Out of this first-hand exposure to the migration situation I have come to several conclusions:

(1) Migrants who come here without documents are motivated by the "pull factor" of plenty of jobs needing their services. Most work hard, live responsibly, contribute to our economy as workers, consumers and taxpayers, and support their families back home. The amount they contribute exceeds the costs to us of providing health, education, law enforcement, and social services.

(2) They are also driven by the "push factor" of an economy in their home country shredded by NAFTA trade policies, which force US-subsidized farm products like corn onto their markets, underselling their produce, and causing them to lose their lands and livelihoods.

(3) The militarized border and ICE policies--the steel walls, high tech sensors, helicopters, prison-like detention centers, swarms of agents and vehicles, "no match" raids, increased detentions and deportations--sometimes brutal--are not working. The migrants keep coming, skirting the walls and controls by an ever-wider margin--because of the pull and push factors just mentioned.

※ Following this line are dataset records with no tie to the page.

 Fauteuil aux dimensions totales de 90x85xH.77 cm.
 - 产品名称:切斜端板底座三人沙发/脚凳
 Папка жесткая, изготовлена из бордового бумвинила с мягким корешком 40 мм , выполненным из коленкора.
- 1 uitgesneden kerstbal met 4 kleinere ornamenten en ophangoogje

(4) No human being is "illegal." All are children of God and must be treated with dignity and respect regardless of their immigration status. This, in spite of criticism, is what groups like Humane Borders, are doing. Government agencies and officers must do likewise. Even one desert death due to having to evade detection rather than being allowed to cross legally is unacceptable.

(5) A sane, just, equitable, and workable immigration system is desperately needed. This must include provision for regularized, renewable work visas, an expedited and reasonably priced application process, allowance for family reunification, respect for human and civil rights, freedom from fear and intimidation, prohibition of the use of US military forces on domestic soil, and strict separation of police law enforcement and immigration control functions.

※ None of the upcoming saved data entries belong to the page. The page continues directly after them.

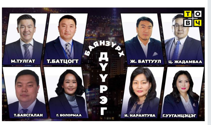 6. Хүний их эмч Г.Ууганцэцэг саяхан АН-д орсон. Сүүлийн үед утааны асуудлыг эрчимтэй хөндөж байгаа. Мөн хар тугалганы хор хөнөөлийг ч олон нийтэд танилцуулж байгаа нэгэн. БЗД-т нэр дэвшихээр горилж байгаа ч урьд урьдны сонгуулийн жишгийг харвал хэн нэгэн тооноор орж ирээд түүний мандатыг булаах магадлалтай.
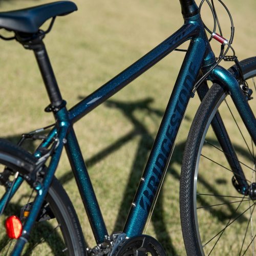 シマノの24段変速システムを搭載。また、ショートリーチのVブレーキによって街乗りでも扱いやすい操作性を実現しています。タイヤサイズは700×32Cで、パンクや段差の衝撃に強いのがメリット。内装式ケーブルを採用し、スマートな見た目を有しているのもおすすめのポイントです。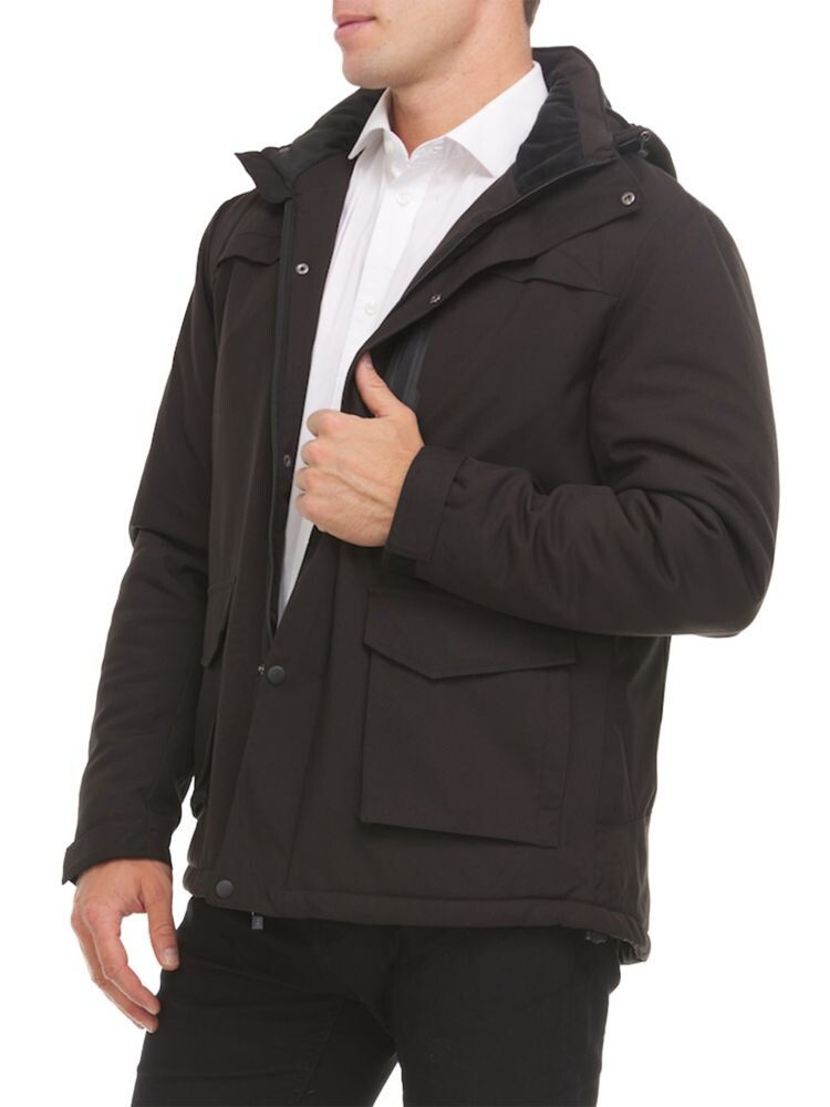 • Съемный капюшон на шнурке. Длинные рукава с ремешками на ремешке. Застежка-молния спереди. Три передних кармана на молнии. Один внутренний карман на молнии. Четыре ультратонких нагревательных панели с тремя настройками.

Once these provisions are in place, "humane borders" will be not only an organization but a description of the area where I just spent a very worthwhile week--and a signal to all that the Statue of Liberty is once again standing upright as a beacon welcoming the world's "tired and poor" to our borders just as our forebears were welcomed in the past.


Doug Wingeier retired in 1997 after 27 years of teaching practical theology
at Garrett-Evangelical Theological Seminary in Evanston, Ill. He spent eight years at Trinity Theological College in Singapore. He also served six years as a reserve member of Christian Peacermaker Teams. He lives in Asheville.